沉竹淺笑了幾聲回應。
“夫人可還有要問的?今日歸府之後,奴還要同沁蘭姐姐一起,将新買來的這些幹果整理分次,往每個屋中擺上一盤才好。”說罷,沁菊便要起身離去。
“你為何要殺褚盈?”
沉竹的話攔住了沁菊的動作,她重新坐下,神色自如地說道:“她那日看到了我,她便該死。夫人也曾在南邊待過多年,不會連這些道理都不知曉。”
“那你為何給我遞了解藥,卻不給…”
“給誰?那王府侍女?”沁菊猜到了她心中所想,先一步打斷了她的話,“燕京城内的每一個賦淩司人,隻要還活着的,我都送了解藥,至于将解藥送到之後,他們是否服下,那便不是我要管的事了。若她那人還活着,此事也輪不到夫人來做。天色不早了,夫人該同奴一道回府了。”
回府之後,沉竹叫來沁蘭,讓她去寫一封拜帖遞到景王府上。
沁蘭前腳剛出去,後腳霍間重就走進了房中。
“去景王府所為何事?”
“宮中遞來了帖子,我總是想在宮中表現得好些,便想着王妃娘娘人和善,可教我些宮中的禮儀,也知曉些注意。”沉竹言語間笑得坦然,讓人無法生疑,“對了,芙兒也要同我一起去,夫君可覺得有什麼不妥?”
“無甚不妥,你同霍任芙去便是。”
“夫君在廷正監的事可處理完了?一連幾日難見夫君身影,我總是牽挂的。”說着,沉竹走至霍間重身後,輕輕為他揉捏着肩頸。
“嗯,處理地差不多了。”霍間重閉上眼,含糊地答道。
“這婚事将近,我心中不知怎得,總有些不安。”
“如何不安?”霍間重摸住沉竹搭在自己肩頸上的手,将她牽着坐至自己對面。
“一來是我受城中流言困擾,二來則是有關皇子妃一事。”
“皇子妃何事?”霍間重邊說邊将沉竹額前的碎發捋至耳後。
“夫君在東邊平亂之時,我曾去城外的拂塵寺為夫君祈福,在那處我曾偶遇了這位準皇子妃。”

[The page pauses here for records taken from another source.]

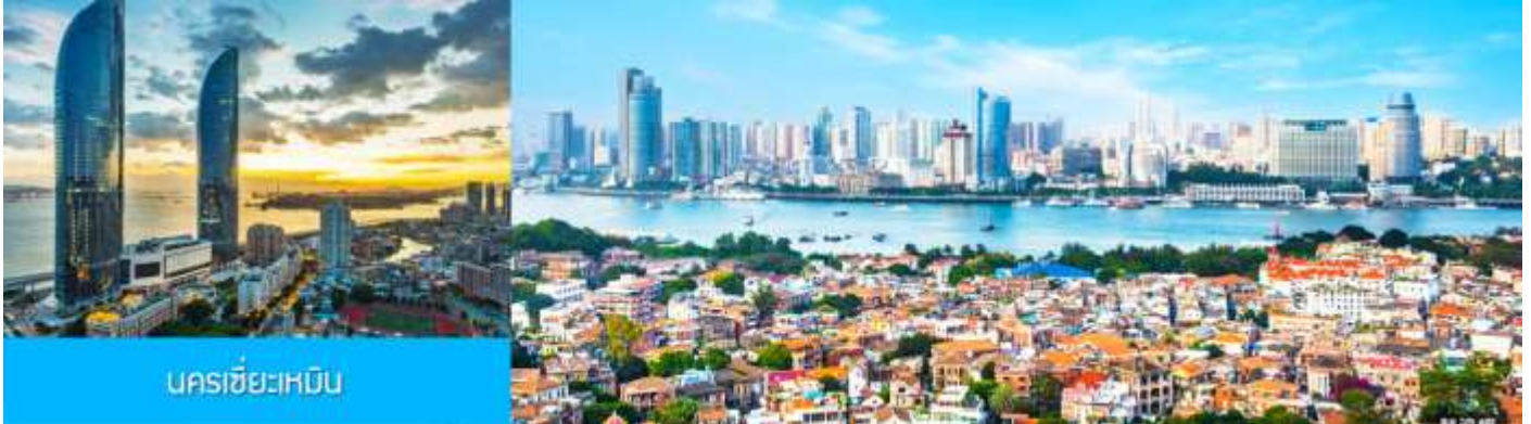
นครซีอะเหมิน

23.30 น. คณะเดินทางพร้อมกันที่ ท่าอากาศยานสุวรรณภูมิ อาคารผู้โดยสารขาออกชั้น 4 ประตูหมายเลข 10 เคาน์เตอร์ เช็คอิน สายการบิน XIAMEN AIRLINES (MF) เจ้าหน้าที่บริษัทฯ คอยให้การต้อนรับและอำนวยความสะดวกในการเช็คอิน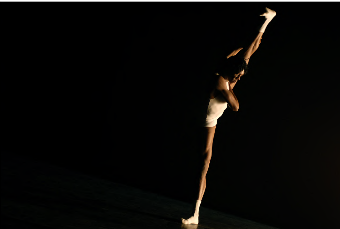
Lumière noire ENEMY IN THE FIGURE – Chorégraphe : William Forsythe – Ballet de l'Opéra de Lyon, Théâtre de la Ville, 2008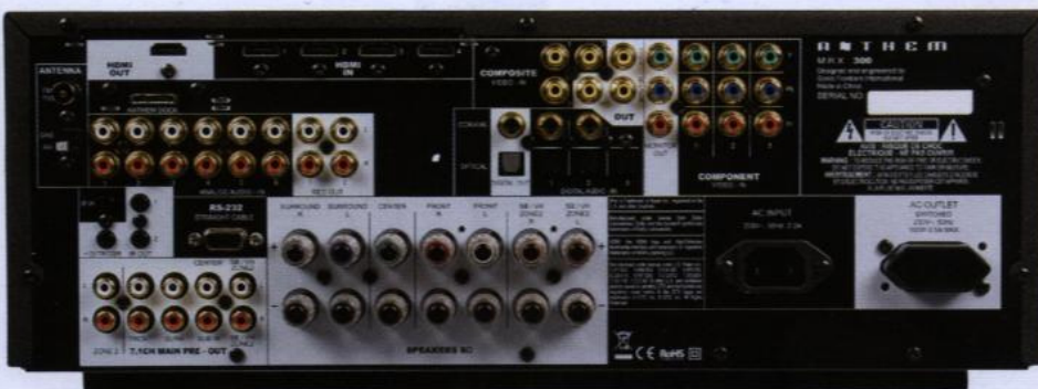
Jeśli czegoś brakuje, to tylko Ethernetu.

domowego. Anthem poszedł dalej, bowiem do MRX-300 dołączył spory mikrofon, rozkładany statyw, zestaw kabli oraz aplikację na płycie CD.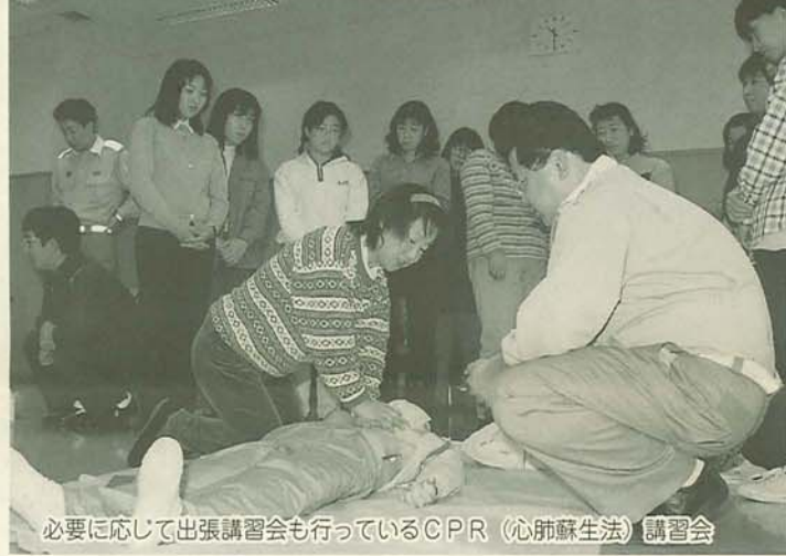
必要に応じて出張講習会も行っているCPR(心肺蘇生法)講習会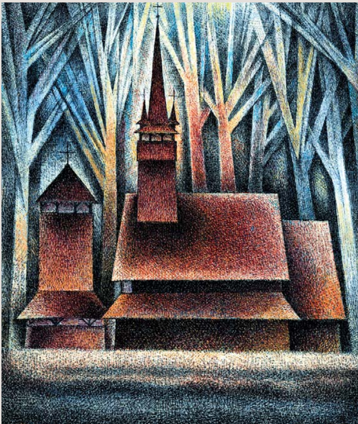
Сокириця. Церква св. Миколи, 1704 р. Церква, можливо, найбільш монументальна, «героїчна» з готичної четвірки Хустщини. Враження підсилює суворя простота великих площин дахів, закритий ганок, таємнича мовчазність споруди на зеленому островці серед молодших за церкву дубів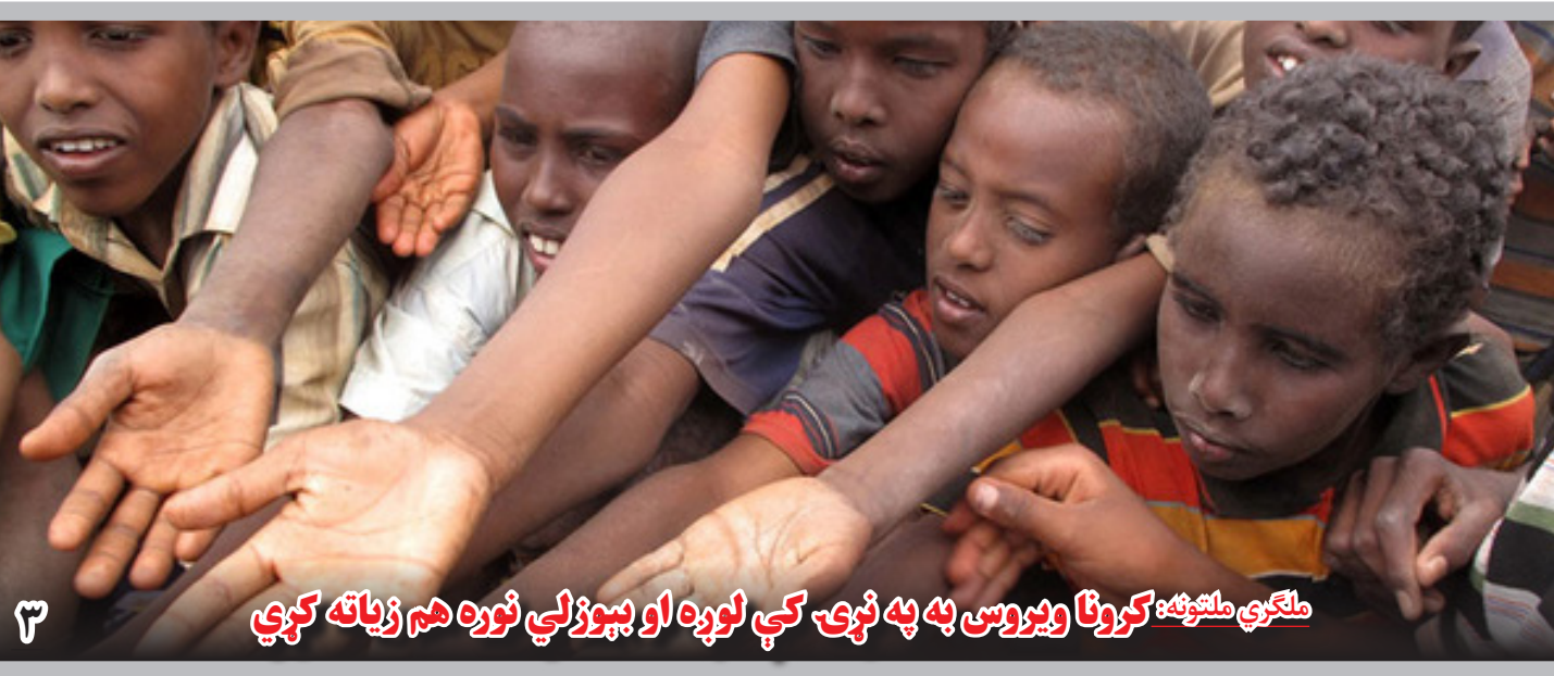
ملگري ملتونه: کرونا ویروس به په نړۍ کې لوړه او بېوزلي نوره هم زیاته کړي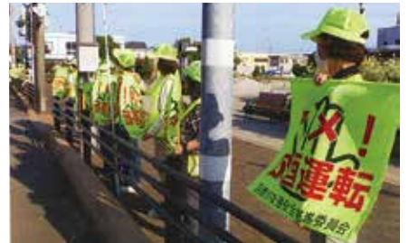
▲函館中央／函館競馬場前の沿道で近隣町会の会員とともに安全運転を呼びかけ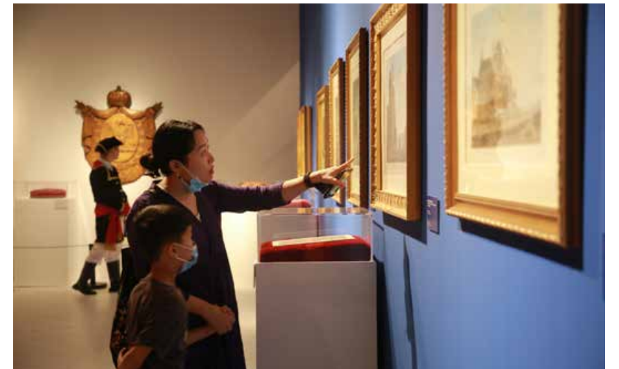
通过了解得知，此次展览特意为不同年龄段的观众准备了丰富多彩的各式文化活动。 It is known that the exhibition specially prepares a variety of cultural activities for audiences of different ages.

“哦?楊謠去了拂塵寺?她那等秉性之人怎會去往此處?”
“夫君知道楊家小姐?”
“若連這些我都不知曉,我如何當得這個廷正監監副。”霍間重淺笑着,将沉竹抱入自己的懷中。
“我幾次去赴城中宴席,便也知曉楊小姐此人,那日我在拂塵寺見到楊小姐,當下便是和夫君這般,疑惑着楊小姐怎會來拂塵寺祈願。”
“宮中事之瑣碎煩心,你我怕是難以想象,婚期将近,她去拂塵寺興許是去祈願婚姻美滿,夫人不必為此憂心。”
“夫君說得在理,是我多心了。”
沉竹本想以此為口子,試着向霍間重打探些宮中秘辛,但現下看來,是無果了。
“對了,夫君身上的傷可好些了?”沉竹将話題轉了邊,手拂上了霍間重的衣襟,似是要拉開察看一番。
“夫人不必為我擔心。”霍間重一手将沉竹在他衣邊的手握住,溫聲道,“此去東邊未添新傷,先前的舊傷也已好的差不多,隻是疤痕看着駭人了些。”
“如此便好。”沉竹聽後裝作羞澀地将頭埋到了霍間重肩上。
經由霍間重提醒,沉竹今日才意識到,自他從東邊歸來,自己好像從未關心過他此行是否受傷,戰亂是否艱險難平。
“不過夫人剛才那些話倒是提醒了我,夫人先前去拂塵寺時,除去楊謠,可還有遇見些奇怪的人?”